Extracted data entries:
________________

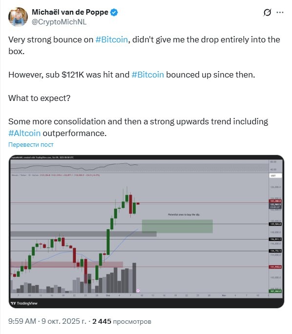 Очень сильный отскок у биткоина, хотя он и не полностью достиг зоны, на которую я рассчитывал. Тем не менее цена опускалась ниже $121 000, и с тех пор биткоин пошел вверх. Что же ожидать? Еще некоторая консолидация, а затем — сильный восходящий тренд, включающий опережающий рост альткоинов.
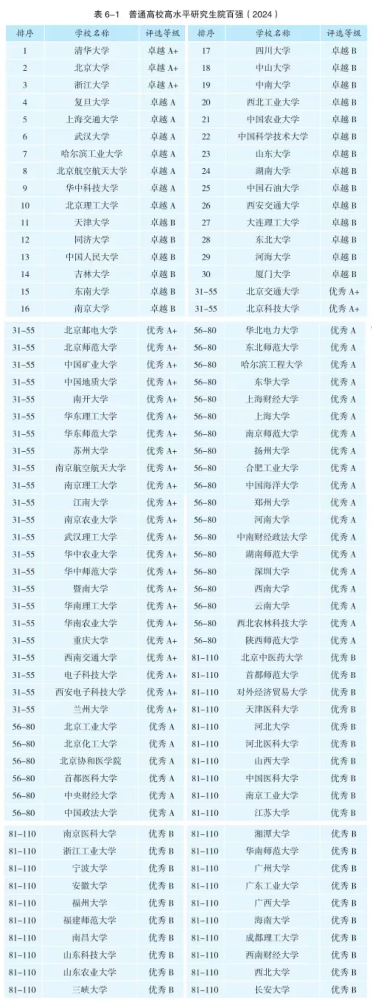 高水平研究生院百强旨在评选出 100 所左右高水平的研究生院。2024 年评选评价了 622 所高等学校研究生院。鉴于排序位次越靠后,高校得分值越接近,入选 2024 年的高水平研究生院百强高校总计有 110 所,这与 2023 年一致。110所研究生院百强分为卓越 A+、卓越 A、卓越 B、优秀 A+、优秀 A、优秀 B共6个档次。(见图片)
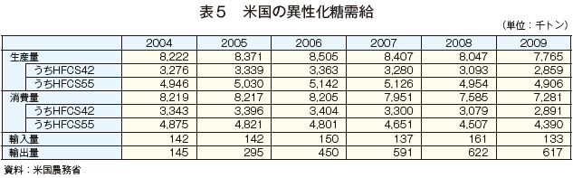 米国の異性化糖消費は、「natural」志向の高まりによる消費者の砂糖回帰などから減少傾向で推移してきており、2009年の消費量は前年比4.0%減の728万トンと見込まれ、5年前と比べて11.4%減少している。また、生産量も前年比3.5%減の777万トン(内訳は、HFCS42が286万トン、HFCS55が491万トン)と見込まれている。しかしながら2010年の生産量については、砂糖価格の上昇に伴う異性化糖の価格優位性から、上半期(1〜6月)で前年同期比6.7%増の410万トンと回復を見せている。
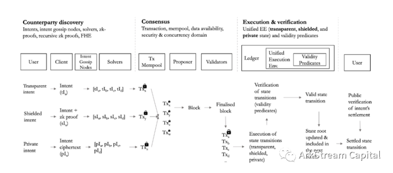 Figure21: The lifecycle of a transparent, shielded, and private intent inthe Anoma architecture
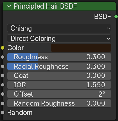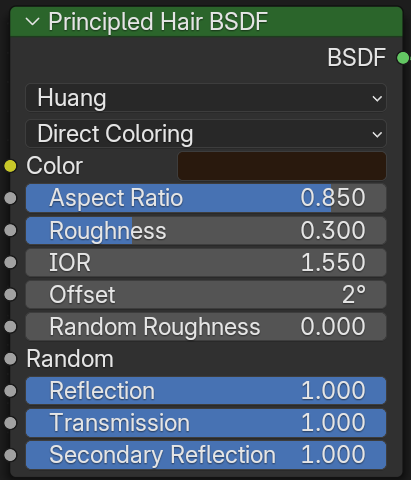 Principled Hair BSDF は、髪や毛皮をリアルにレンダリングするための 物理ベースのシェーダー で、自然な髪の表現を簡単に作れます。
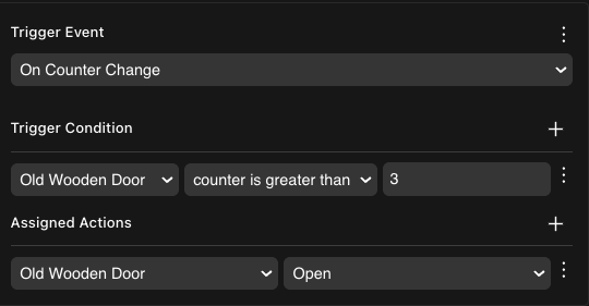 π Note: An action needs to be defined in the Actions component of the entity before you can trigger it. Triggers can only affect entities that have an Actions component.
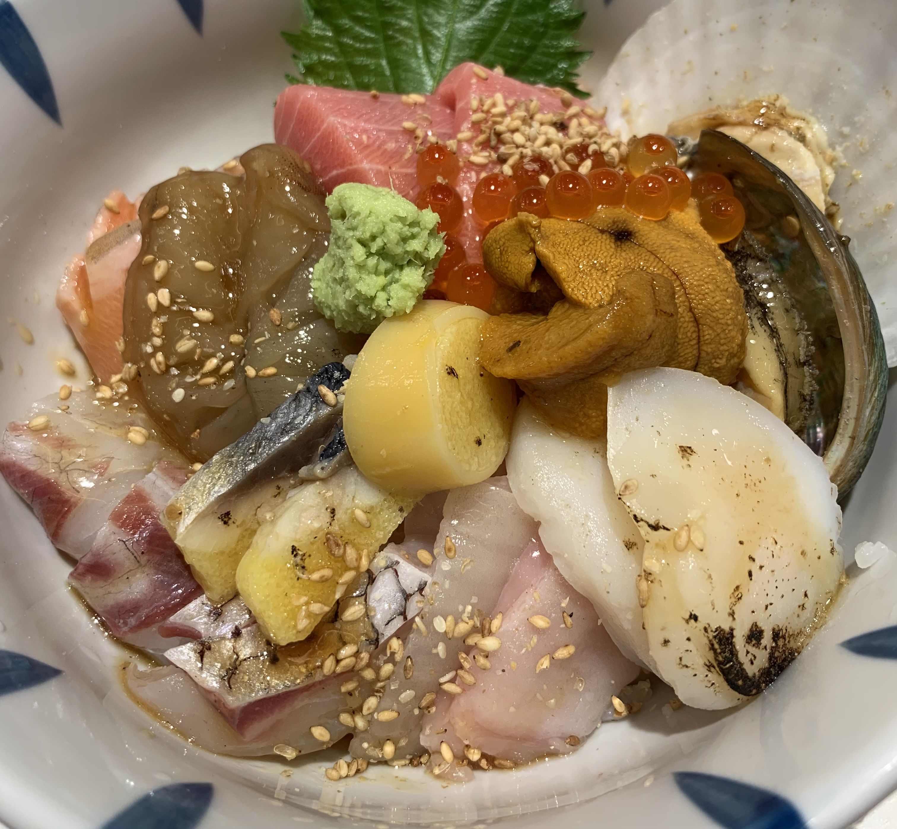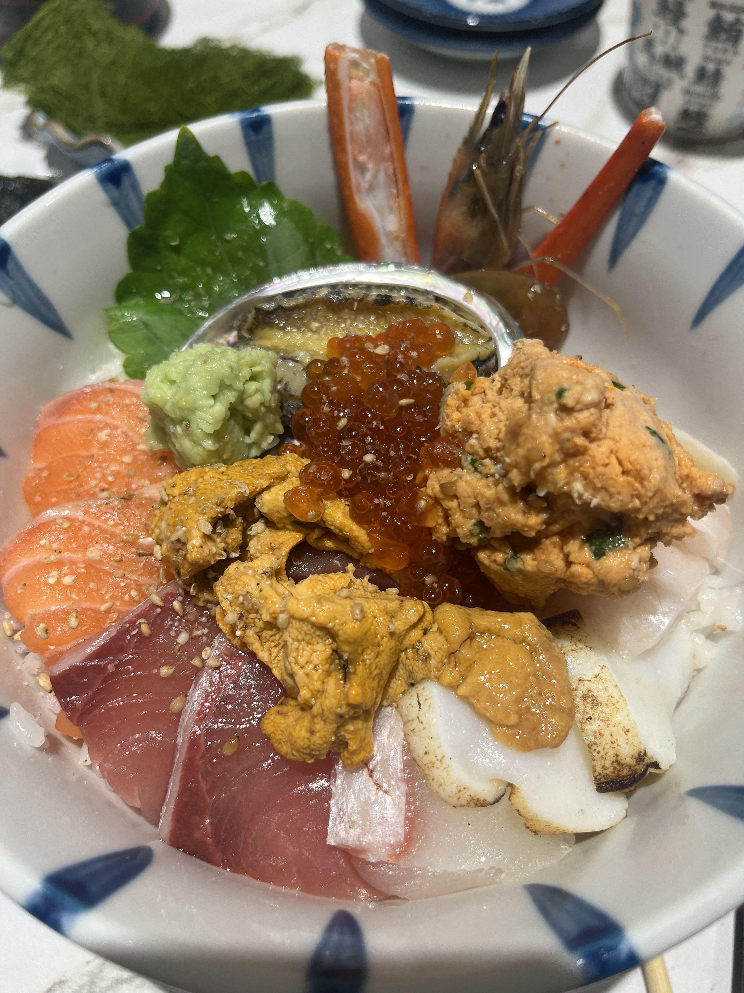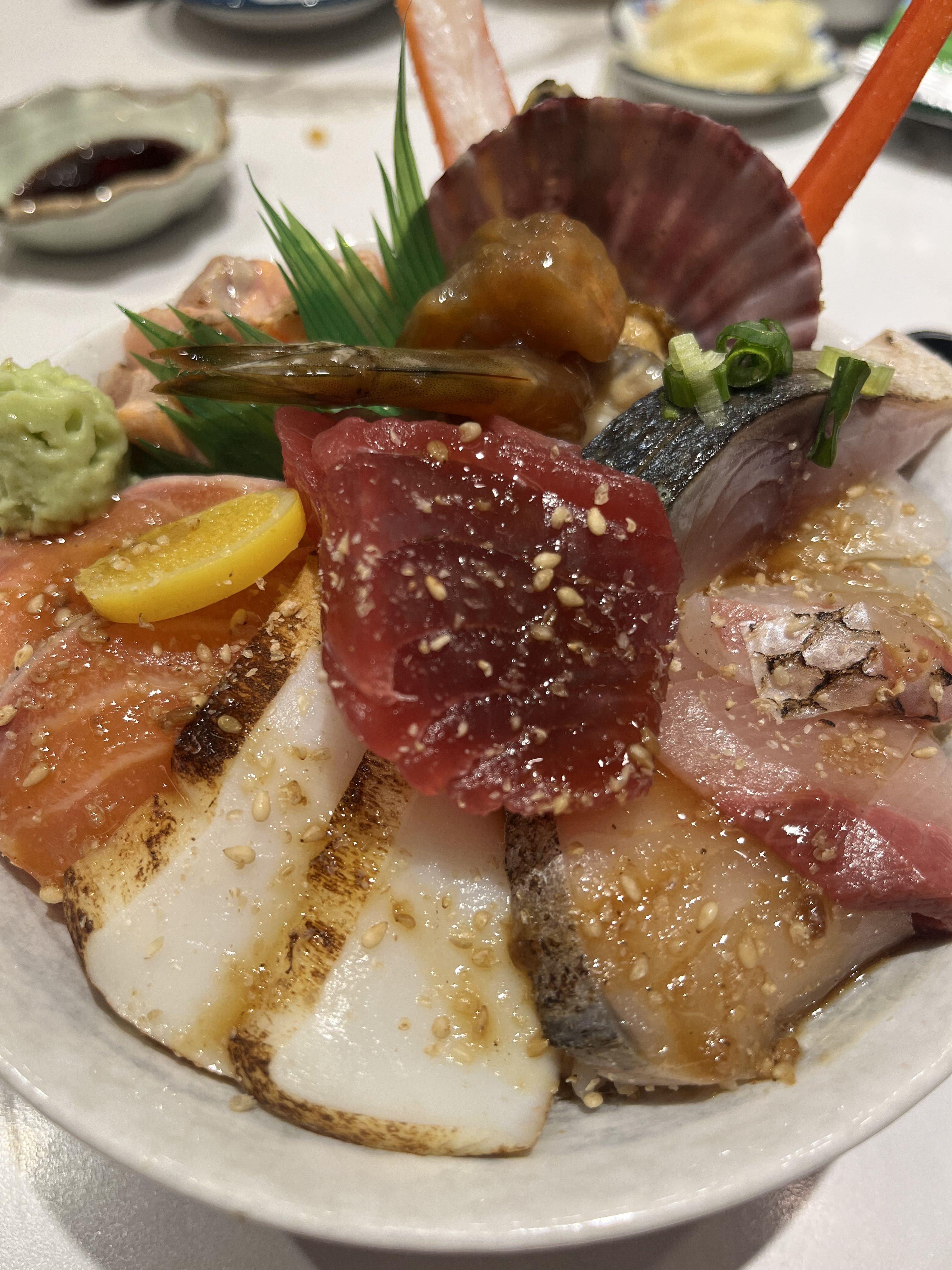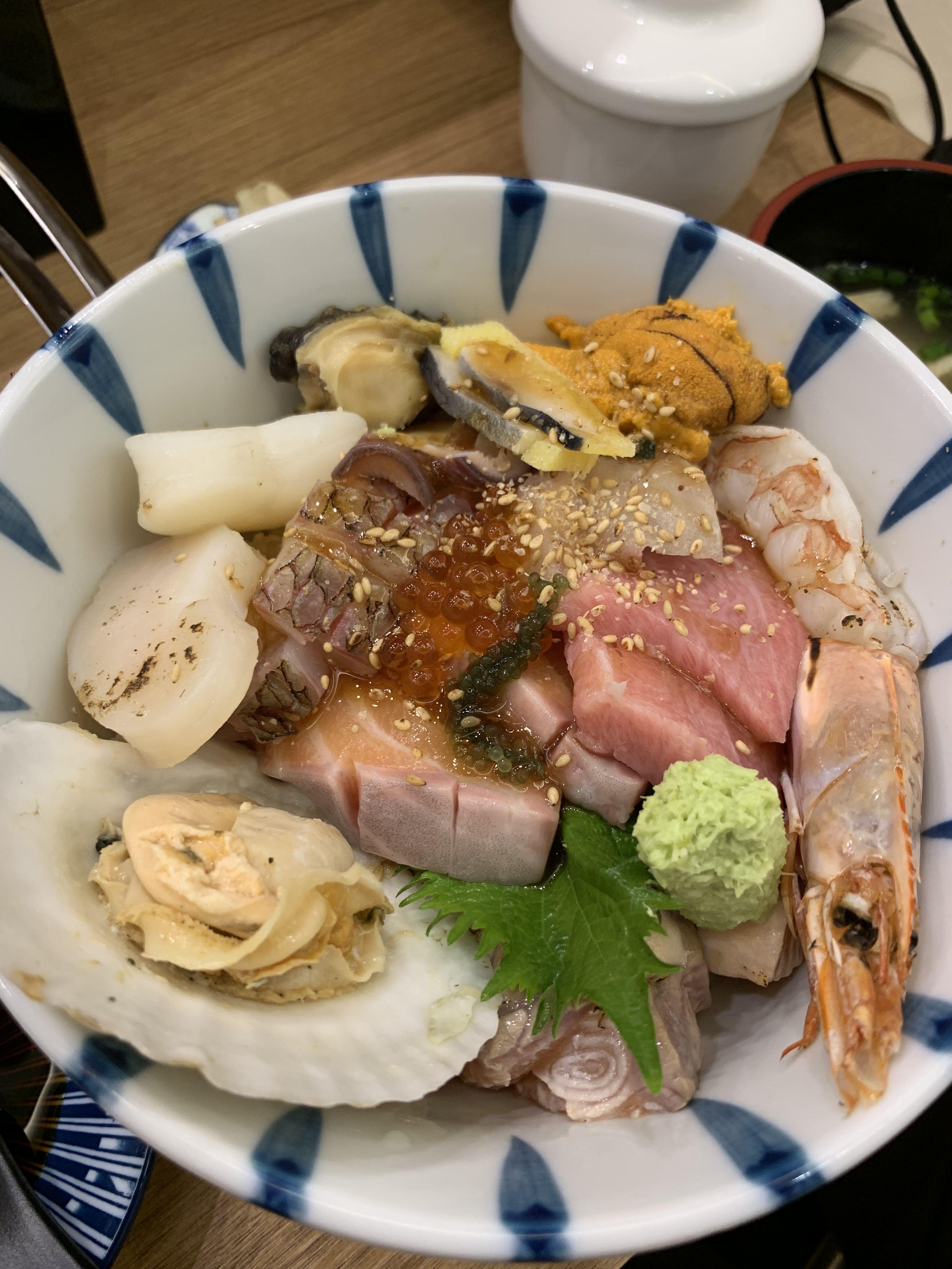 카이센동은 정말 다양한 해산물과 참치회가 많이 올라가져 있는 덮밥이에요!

________________

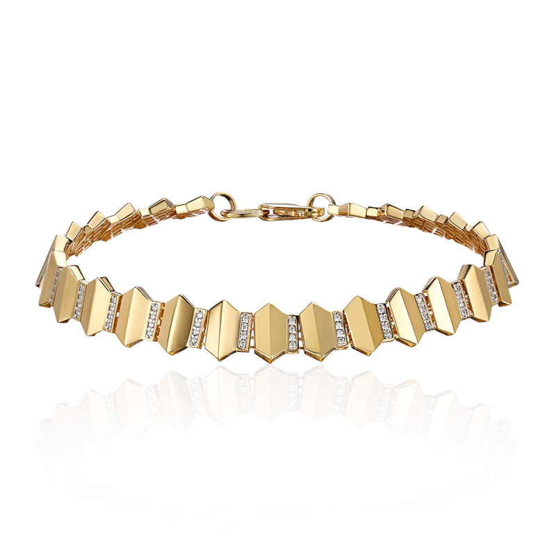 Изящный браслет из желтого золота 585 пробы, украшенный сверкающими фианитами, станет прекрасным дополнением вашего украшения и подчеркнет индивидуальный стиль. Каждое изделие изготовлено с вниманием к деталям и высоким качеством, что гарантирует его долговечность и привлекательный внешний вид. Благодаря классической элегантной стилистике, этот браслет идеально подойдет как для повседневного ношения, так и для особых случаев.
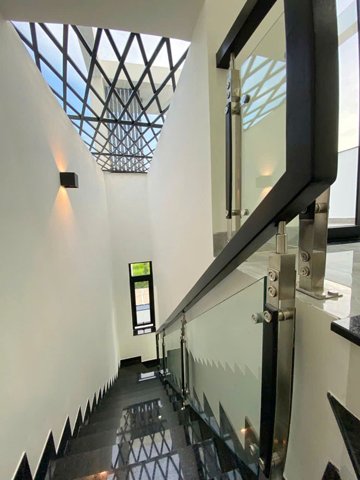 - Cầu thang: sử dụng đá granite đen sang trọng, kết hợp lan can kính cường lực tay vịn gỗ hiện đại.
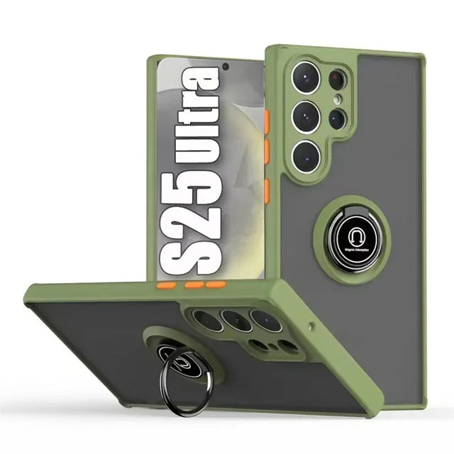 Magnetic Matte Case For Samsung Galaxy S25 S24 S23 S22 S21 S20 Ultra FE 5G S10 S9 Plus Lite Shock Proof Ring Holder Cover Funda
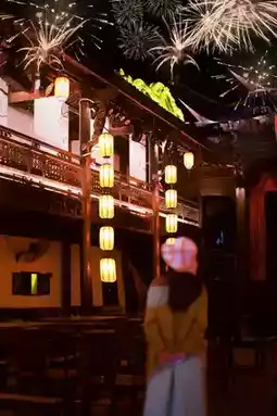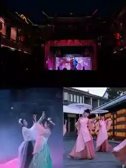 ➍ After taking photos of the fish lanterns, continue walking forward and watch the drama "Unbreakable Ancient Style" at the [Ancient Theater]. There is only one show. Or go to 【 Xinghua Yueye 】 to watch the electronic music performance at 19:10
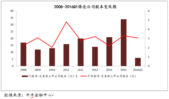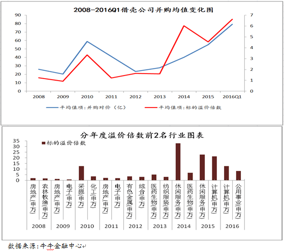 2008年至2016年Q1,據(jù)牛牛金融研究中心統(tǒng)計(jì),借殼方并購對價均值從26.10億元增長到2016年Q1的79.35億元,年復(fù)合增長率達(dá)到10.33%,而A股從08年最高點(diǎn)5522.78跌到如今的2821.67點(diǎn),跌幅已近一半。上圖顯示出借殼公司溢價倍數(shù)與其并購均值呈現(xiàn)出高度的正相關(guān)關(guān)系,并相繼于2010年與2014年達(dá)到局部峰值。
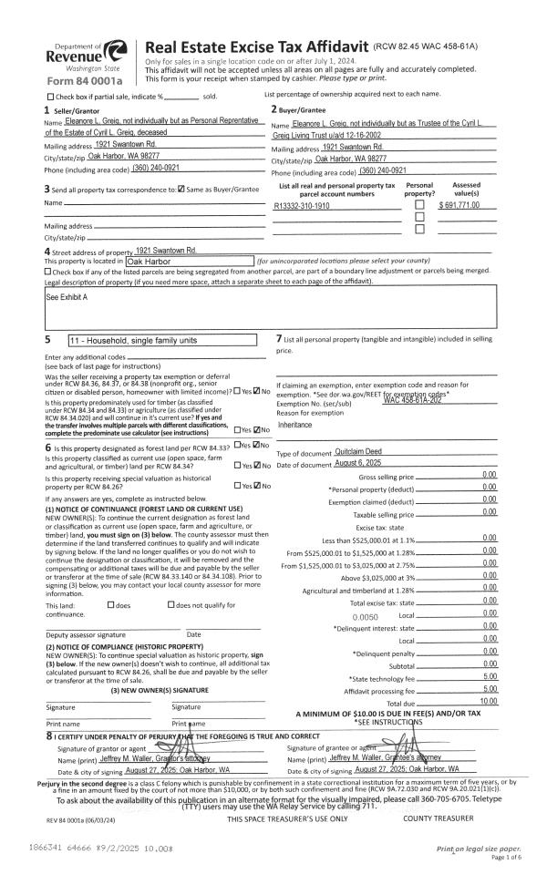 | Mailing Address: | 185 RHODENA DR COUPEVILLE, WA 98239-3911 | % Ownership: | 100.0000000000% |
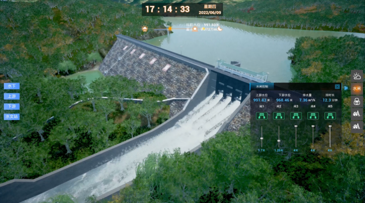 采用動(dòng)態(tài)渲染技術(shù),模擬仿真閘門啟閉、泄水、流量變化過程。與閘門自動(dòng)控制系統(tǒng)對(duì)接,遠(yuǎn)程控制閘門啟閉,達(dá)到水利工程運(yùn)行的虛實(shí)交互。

________________

### Requirement
Pictures aside, return exactly the lines from the data above, starting at the line that has "Figure21: The lifecycle" and ending at the line that has "카이센동은 정말 다양한 해산물과 참치회가 많이 올라가져 있는 덮밥이에요!", both included.

### Problem solution
 Figure21: The lifecycle of a transparent, shielded, and private intent inthe Anoma architecture
 Principled Hair BSDF は、髪や毛皮をリアルにレンダリングするための 物理ベースのシェーダー で、自然な髪の表現を簡単に作れます。
 π Note: An action needs to be defined in the Actions component of the entity before you can trigger it. Triggers can only affect entities that have an Actions component.
 카이센동은 정말 다양한 해산물과 참치회가 많이 올라가져 있는 덮밥이에요!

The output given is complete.